Now Jekyll maps /github instead of /github.html to the page when run via jekyll serve - but it still actually generates github.html which will require the .html extension to be specified when served from S3. To work around this I’ve set the permalink to:

permalink: /:title/index.html

Meaning that each redirector get’s its own directory with an index.html file containing the redirection HTML from the layout. As we will set the index page in S3’s static site config to be “index.html”, hitting the naked path will resolve to the index.html and redirect as we want.

Using Collections

Jekyll has a Collections concept which is a way to treat pages as semi-structured data objects - almost like a simple read-only document database.
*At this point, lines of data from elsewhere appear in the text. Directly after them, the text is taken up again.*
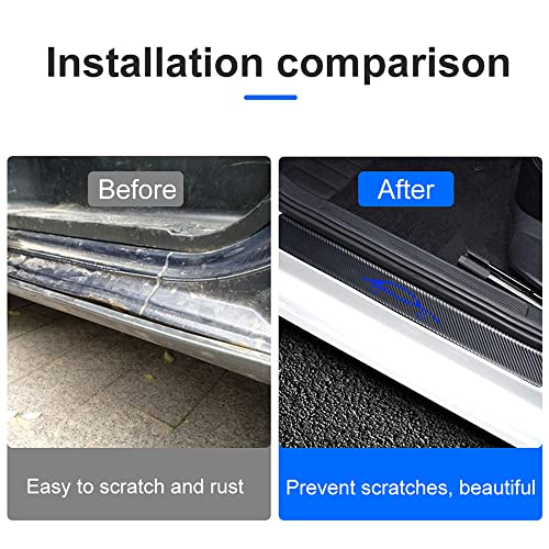 4D battitacco in Fibra di Carbonio Adesivo Riflettente, Logo Auto, Protezione della Vernice, Adesivo su Misura, Protezione AntiGraffio per Pedali, Copertura per soglia di Copertura, 4 Pezzi, Blu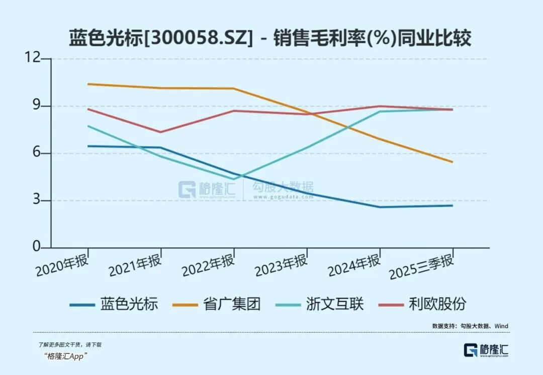 对比同行,蓝色光标的毛利率也处于行业内相对较低的水平。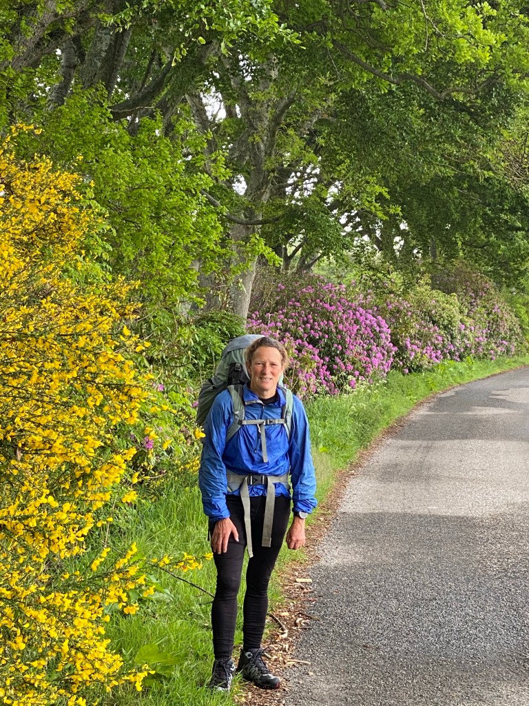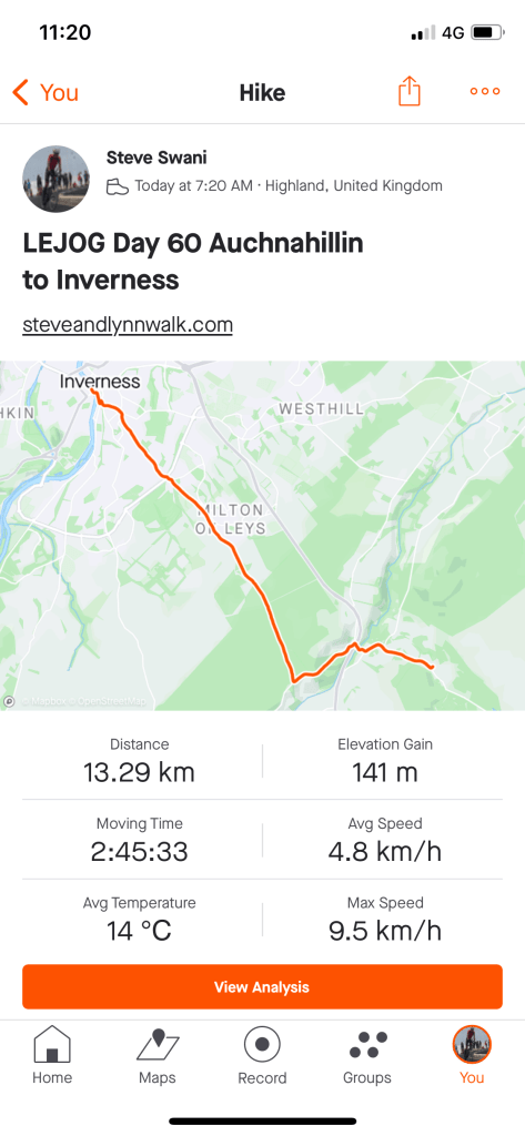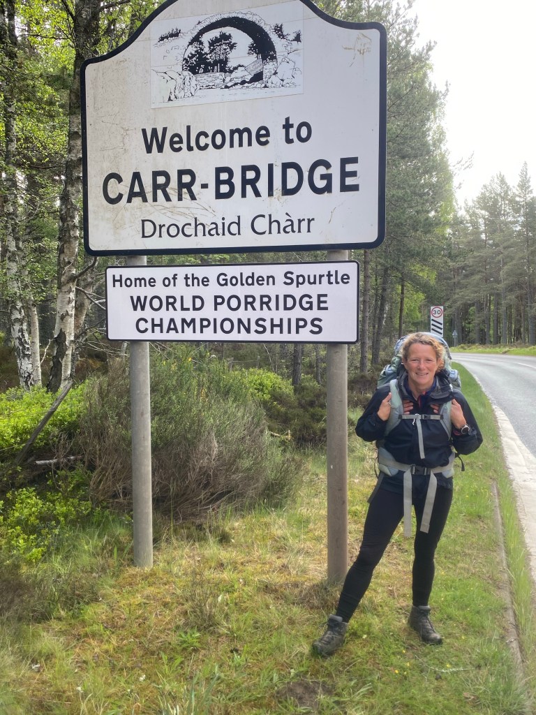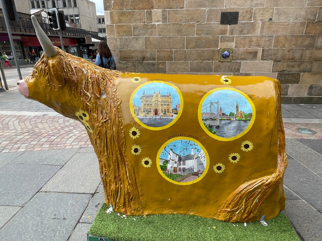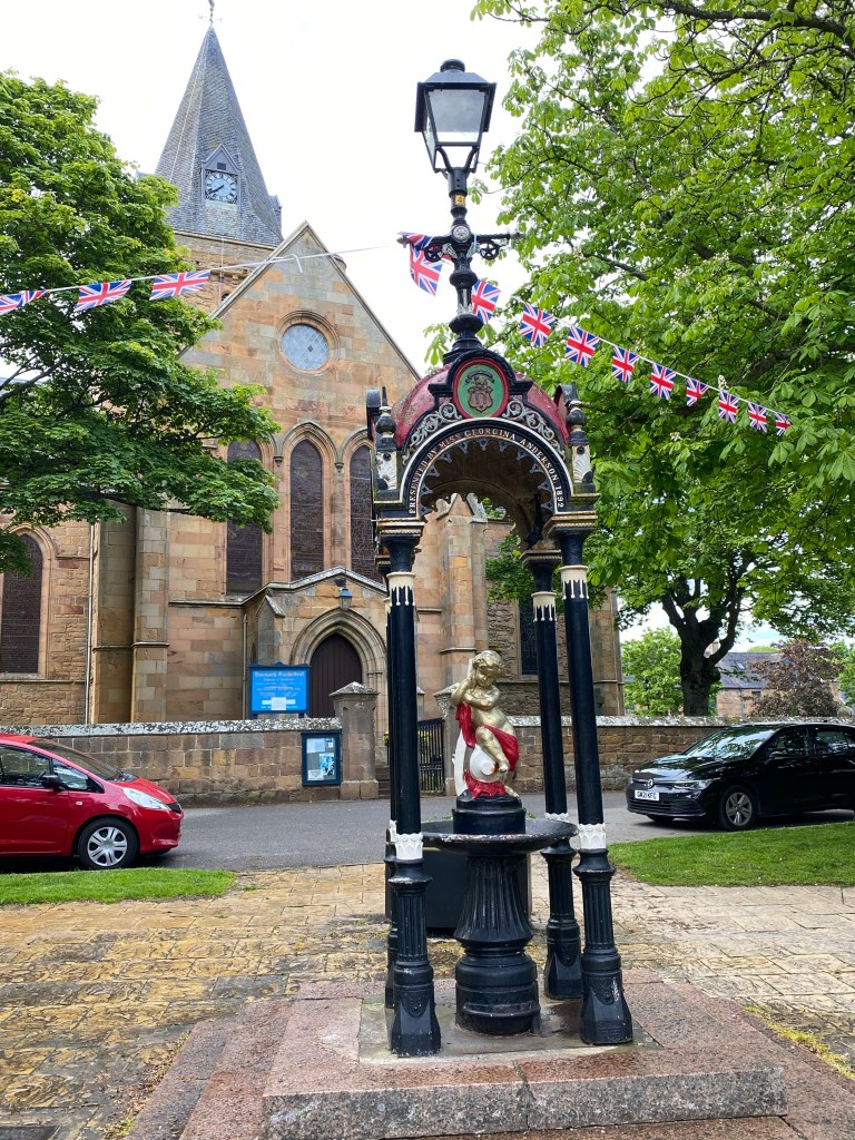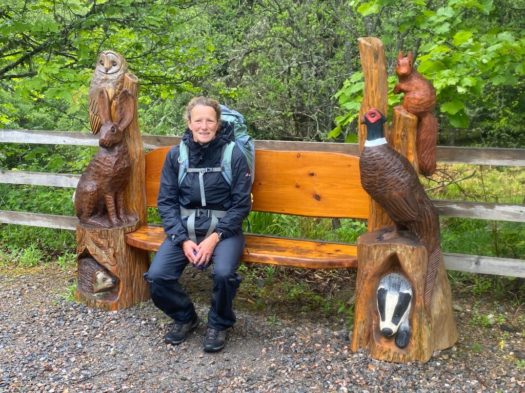 The mornings walk was dominated by the Duke of Sutherland, his 30 metre statue looking down on us from top of Ben Bhraggie mountain. The 1st Duke was clearly very aware of his own importance although he got a mixed press for his role in the Highland clearances. Many families were moved from their mixed farms in the Highlands to make way for more profitable sheep farming. The evictions prompted some families to emigrate in particular to Canada. The Canadian whisky taster from Halifax, Nova Scotia we met at the hostel in Delwinnie had traced his family ancestry back to Scots who emigrated as a result of the clearances. A statue we will see in Helmsdale tomorrow depicts a fleeing family.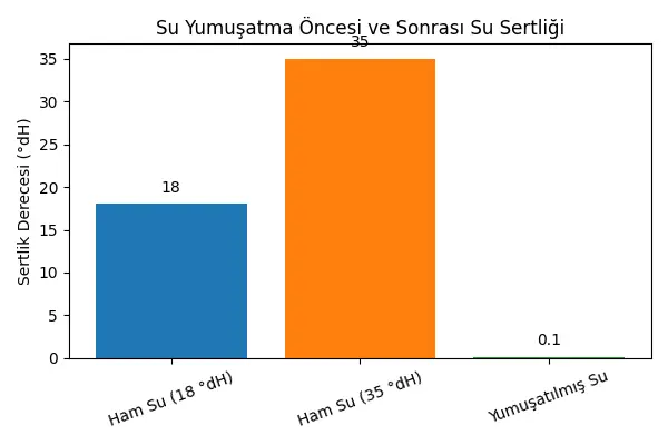 Su sertliği yüksek bölgelerde ham suyun °dH değeri 18 ile 35 arasında değişebilir. Yumuşatma işleminden sonra çıkış suyu sertliğinin 0,1 °dH seviyesine düştüğü görülür. Aşağıdaki grafikte iki farklı ham su sertliğinin işlem öncesi ve sonrası durumu gösterilmektedir. Grafik, sertliğin ne kadar dramatik biçimde azaldığını görsel olarak ortaya koyar ve yumuşatma sistemlerinin etkisini anlamaya yardımcı olur.

We can improve the solution using collections as follows:

  • Define a collection called “redirects” in _config.yml:
collections:
  redirects:
    output: true
  • Move the redirection page github.html into a new _redirects/ directory which is where Jekyll expects to find it
  • Move the global permalink setting into the definition of the collection:
collections:
  redirects:
    output: true
    permalink: /:title/index.html
  • Add defaults to _config.yml and specify that the layout for items in the redirects collection should be “redirect”:
defaults:
  - scope:
      type: redirects
    values:
      layout: redirect
  • Finally drop the layout property from the redirect node _redirects/github.html leaving it with the following content:
---
target: https://github.com/brendonmatheson
---

After restarting Jekyll, the site functions as before but with the new benefits of:

  • Redirect pages are all kept together in _redirects/ rather than being in the root and mixed with other files
  • No need to specify the layout property for every redirector page.

Wrapping Up

I’ve deployed this solution to S3 with a configuration similar to the one I created for my blog site. Whereas for my site I have a manual Promote action to publish to production, for the URL shortener all commits to master are auto-published.

Adding new short URL’s is now a matter of committing a new text file which I can do from my dev workstation or in Termux on my mobile dev tablet.